Re: RARA-AVIS: To Have and Have Not

From: Ray Skirsky ( rskirsky@qualcomm.com)
Date: 14 Mar 2002


At 05:10 PM 3/14/2002 -0600, you wrote:
>There's been some discussion of Hemingway on list even though he hasn't
>written alot of hardboiled stuff. He wrote one hardboiled novel called To
>Have and Have Not. Forget the movie. it was good but again you must go to
>the book it is far far darker and more hardboiled.

The movie just wasn't good, it was a classic. Even though it isn't as dark or hardboiled as the book, it has some of the best one-liners in the movies, and snappy dialog is a hall-mark of hard-boiled. For example:

"What are you trying to do? Guess her weight?" --Bacall, when her character decides that Bogie's is taking a bit too long to set down the resistance fighter's wife.

"He couldn't write and faster than he could duck." --Bogie, after the playboy is shot before signing the check.

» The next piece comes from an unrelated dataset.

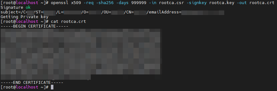 openssl x509 -req -sha256 -days 999999 -in rootca.csr -signkey rootca.key -out rootca.crt
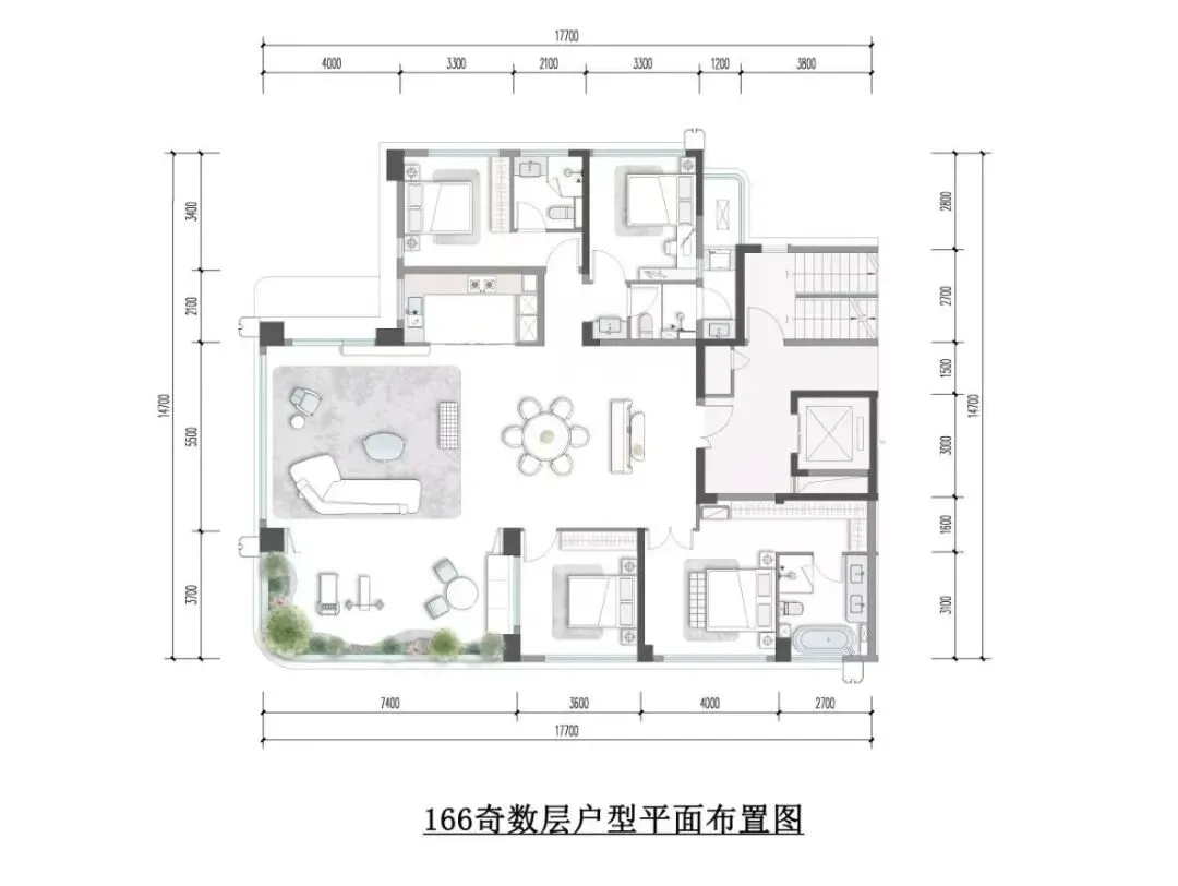 其实抛开露台,这个户型本身可以算作一个端厅户型,客厅西面采用落地窗设计,采光和景观效果都很好,完全区别于普通第四代住宅。

"I think he was trying to get me drunk. He don't know me very well." --Walter Brennen's character's response to attempted interrogation.

And there are plenty more besides the famous "whistle" scene. Also, there's some of the best use of light and shadow you'll ever see anywhere in the B&W movies.

>The first half
>of the book is actually some of Papa's best writing. In the last half he
>seems to lose focus and meander a little, it is still good stuff however.

This happens a lot in Hemmingway's novels, that is, the second half losing focus and wandering. For the record, my belief is that his best novel is "A Farewell to Arms." The worst offender is "Islands in the Stream," but that may be unfair because Hemmingway didn't get a chance to work with the editor before it was published. Hemmingway was a master of shorter fiction--the Nick Adams stories and "Old Man and the Sea" being prime examples.